■ **The task**
Without the pictures, copy all of the data exactly.

**** Source material

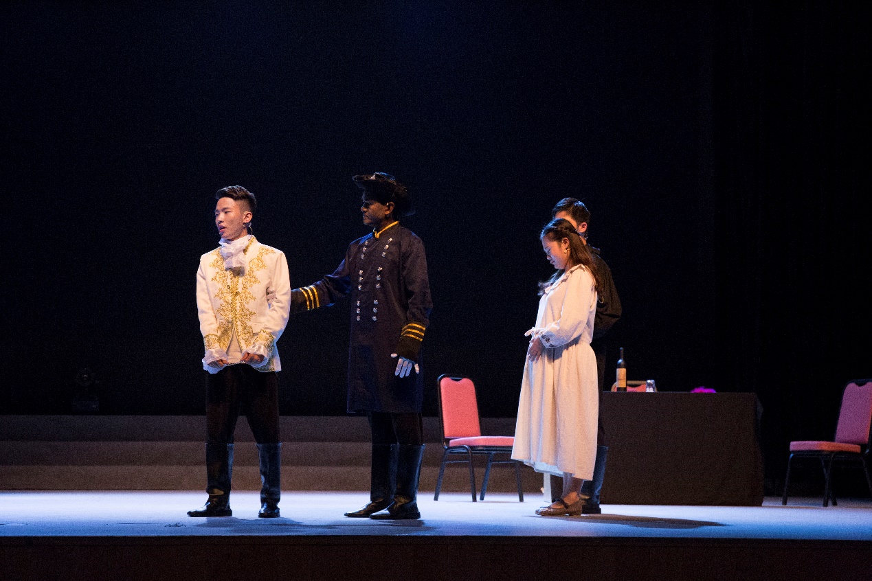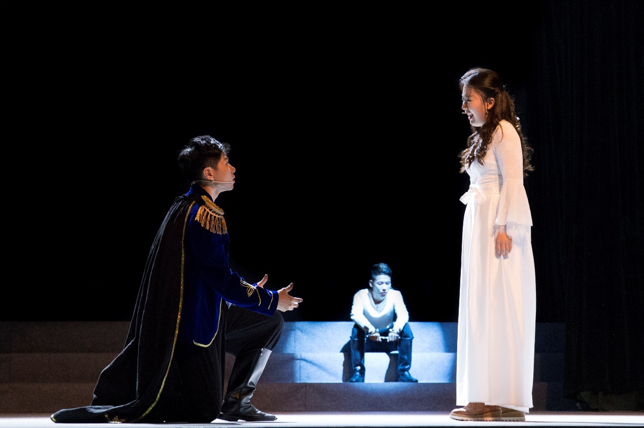 为了保障当晚两个半小时的演出顺利进行,剧组师生在过去八个多月的时间里坚持每日排练,周末更是放弃休息时间进行联排。莎士比亚剧本中精深但晦涩的台词为表演增加了难度,但得益于长时间的排练,演员们在演出当晚用纯正的口音和深情的吟诵完美还原了角色的长段对话和独白,共同打造出一台高质量的戏剧作品,展现出厦大学子不凡的英语水平和超群的人文素养。演员们结合自身理解对人物神态动作细致入微的临摹,则体现了他们对善与恶的评判、对人性和法制冲突的深刻思考。更让人眼前一亮的是,剧中庄肃的神父托马斯、张狂的死刑犯巴那迪以及油嘴滑舌的卢西奥均由女演员反串出演。对这些性格迥异的男性角色的完美展现,体现了演员们精湛的演技和对角色的深入理解。
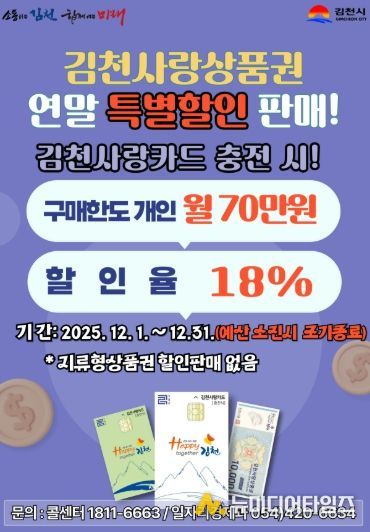 김천시는 오는 12월 한 달 동안 김천사랑상품권을 18% 특별 할인 판매한다고 28일 밝혔다.
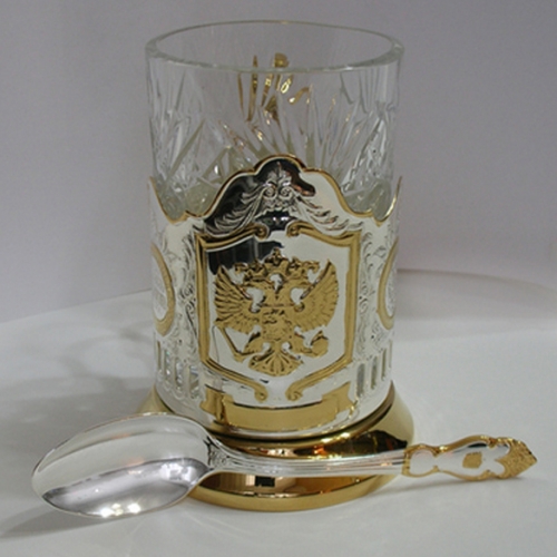 Набор для чая с подстаканником и ложкой «Русский мельхиор. Герб» (золото)
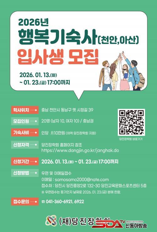 [½Åµ¿¾Æ¹æ¼Û=ÀÌÀçö±âÀÚ] ´çÁø½Ã´Â Ãæ³²¿¡ ÀÖ´Â ´ëÇÐÀ» ´Ù´Ï´Â ´çÁø½Ã ´ëÇлýÀ» ´ë»óÀ¸·Î 2026³â õ¾È Çູ±â¼÷»ç(µ¿³²±¸ ¼ÒÀç) ÀÔ»ç»ý 20¸íÀ» ¸ðÁýÇÑ´Ù°í 14ÀÏ ¹àÇû´Ù.
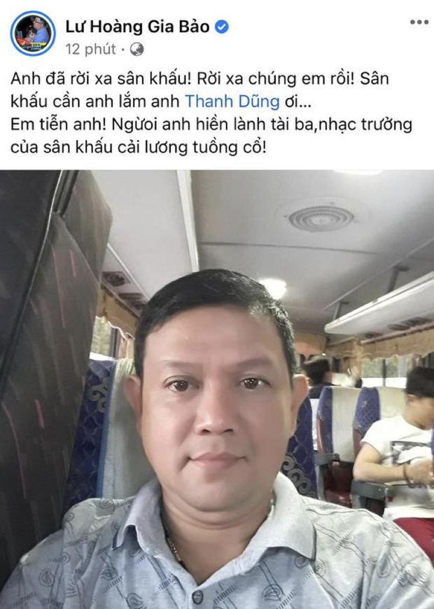 Sự ra đi của nghệ sĩ Thanh Dũng đã để lại niềm thương tiếc vô hạn cho nhiều nghệ sĩ. Trên trang cá nhân, diễn viên Lư Hoàng Gia Bảo cũng đã chia sẻ tin buồn này.
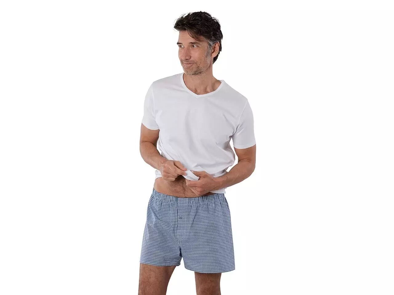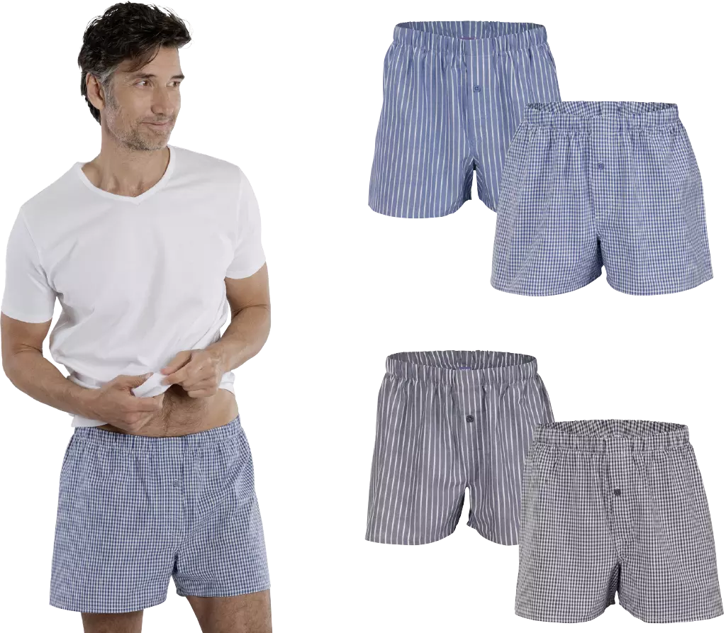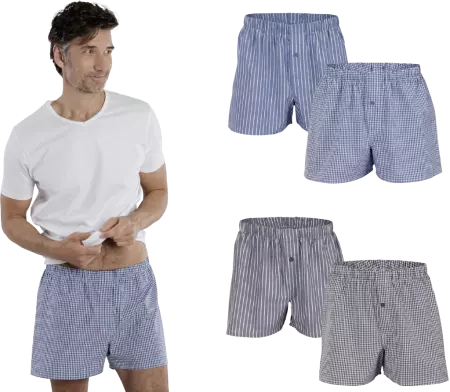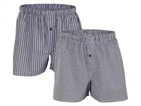 Lot de deux caleçons assortis à prix économique : caleçons à motif très agréables à porter, doux, à la coupe plutôt large et à la taille élastique pour un port confortable et une bonne tenue. Un lot consiste en un caleçon à rayures et l'autre à motifs pied de poule. Ouverture avec une petite boutonnière. Le lot de 2 caleçons.
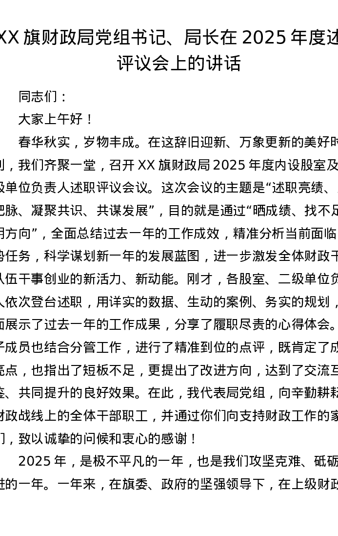 XX旗财政局党组书记、局长在2025年度述职评议会上的讲话(5215字)

********

■ **Task solution**
 为了保障当晚两个半小时的演出顺利进行,剧组师生在过去八个多月的时间里坚持每日排练,周末更是放弃休息时间进行联排。莎士比亚剧本中精深但晦涩的台词为表演增加了难度,但得益于长时间的排练,演员们在演出当晚用纯正的口音和深情的吟诵完美还原了角色的长段对话和独白,共同打造出一台高质量的戏剧作品,展现出厦大学子不凡的英语水平和超群的人文素养。演员们结合自身理解对人物神态动作细致入微的临摹,则体现了他们对善与恶的评判、对人性和法制冲突的深刻思考。更让人眼前一亮的是,剧中庄肃的神父托马斯、张狂的死刑犯巴那迪以及油嘴滑舌的卢西奥均由女演员反串出演。对这些性格迥异的男性角色的完美展现,体现了演员们精湛的演技和对角色的深入理解。
 김천시는 오는 12월 한 달 동안 김천사랑상품권을 18% 특별 할인 판매한다고 28일 밝혔다.
 Набор для чая с подстаканником и ложкой «Русский мельхиор. Герб» (золото)
 [½Åµ¿¾Æ¹æ¼Û=ÀÌÀçö±âÀÚ] ´çÁø½Ã´Â Ãæ³²¿¡ ÀÖ´Â ´ëÇÐÀ» ´Ù´Ï´Â ´çÁø½Ã ´ëÇлýÀ» ´ë»óÀ¸·Î 2026³â õ¾È Çູ±â¼÷»ç(µ¿³²±¸ ¼ÒÀç) ÀÔ»ç»ý 20¸íÀ» ¸ðÁýÇÑ´Ù°í 14ÀÏ ¹àÇû´Ù.
 Sự ra đi của nghệ sĩ Thanh Dũng đã để lại niềm thương tiếc vô hạn cho nhiều nghệ sĩ. Trên trang cá nhân, diễn viên Lư Hoàng Gia Bảo cũng đã chia sẻ tin buồn này.
 Lot de deux caleçons assortis à prix économique : caleçons à motif très agréables à porter, doux, à la coupe plutôt large et à la taille élastique pour un port confortable et une bonne tenue. Un lot consiste en un caleçon à rayures et l'autre à motifs pied de poule. Ouverture avec une petite boutonnière. Le lot de 2 caleçons.
 XX旗财政局党组书记、局长在2025年度述职评议会上的讲话(5215字)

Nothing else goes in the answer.